All these impotent little war lovers are Nazi jock sniffers and fantasize about being a Nazi and thus love the use of Nazi/German language in English articles. — Preceding unsigned comment added by (talk) 22:02, 20 June 2014 (UTC)

Further suggestions[edit]

Some further suggestions, the title has started to concern me. Of course not that much that it would prevent it reaching GA class.

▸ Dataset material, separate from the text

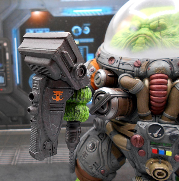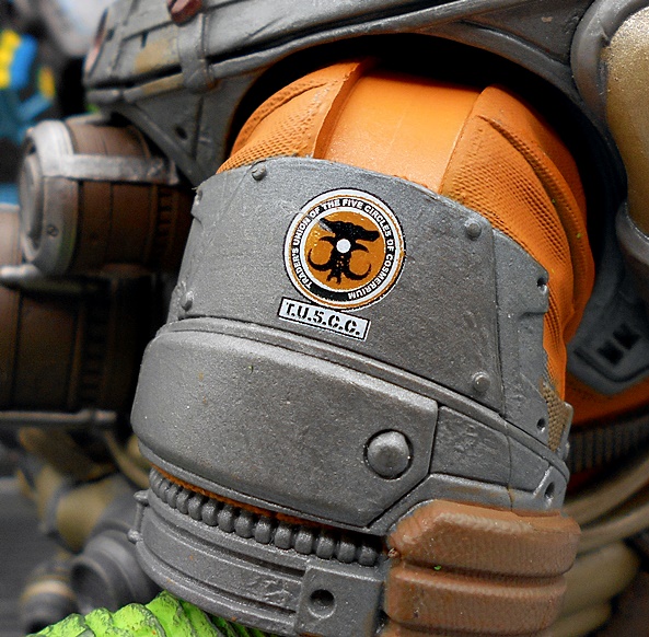 Indeed, when I first got Slogg out of the box I had a great time just turning the figure over and over in my hands and examining all the little bits and bobs. I really like the alien lettering stenciled here and there. Also, I’m pretty sure that’s a pee port located right in between his legs, possibly with an evacuation nozzle stored below it that has to be attached for him to relieve himself. I don’t know, folks, but I’m having fun making it up as I go. He also has a TU5CC badge on his shoulder, which stands for Trader’s Union of the Five Circles of Cosmerrium. Yeah, that’s a mouthful and we’ll learn more about it in the next Cosmic Legions review!

  • I was looking at the Unternehmen part being the English WIKI should it not be Operation Bodenplatte the only other example I could think of was the Japanese Operation U-Go which uses the English Operation. If Operation Bodenplatte was used we could get rid of the translations which are a bit awkward not being an exact translation.
  • In the lede to allow the German Army (German: Heer) should be changed to German Armed Forces/German land forces/German divisions, as the Waffen SS were a large part of the operation and are not part of the Heer. The exact term would need some considerations to best fit.--Jim Sweeney (talk) 19:13, 7 September 2010 (UTC)
Done. Dapi89 (talk) 20:57, 7 September 2010 (UTC)
I like the changes but it sort of seemed like the consensus in the above section was against using the English. I guess we'll see if anyone objects. delldot ∇. 13:23, 8 September 2010 (UTC)
Hi Delldot. I think this was just the case for the written article, not article names. Admins tend to do internet searches for thos most common search name - this tends to "Operation", even for German operations. I just wanted to comply quickly so it did not slow anything down even further. Dapi89 (talk) 14:03, 8 September 2010 (UTC)
I'm certainly fine with it if everyone else is. delldot ∇. 17:00, 8 September 2010 (UTC)

Another comment[edit]

My buddy called me back the other day with another suggestion. He thinks the article makes clear that the operation was a tactical success but a strategic blunder because the Allies were able to replace their losses quickly. But he thinks you need to stress more the fact that the operation was supposed to have been an integral part of the Battle of the Bulge, but the weather prevented it. He says to say that the Battle of the Bulge was pretty much over by the time the operation was launched. The Germans had gotten what they wanted: the weather prevented Air support for the battle. After the weather cleared up the Germans failed to reconsider whether Bodenplatte was still a good idea. So he just feels like this lack of planning should be stressed more. He's sort of saying that it's a mistake to say it was a blunder because the allies were able to replace their losses quickly--really he feels like it was a blunder in planning even without that. delldot ∇. 17:42, 16 September 2010 (UTC)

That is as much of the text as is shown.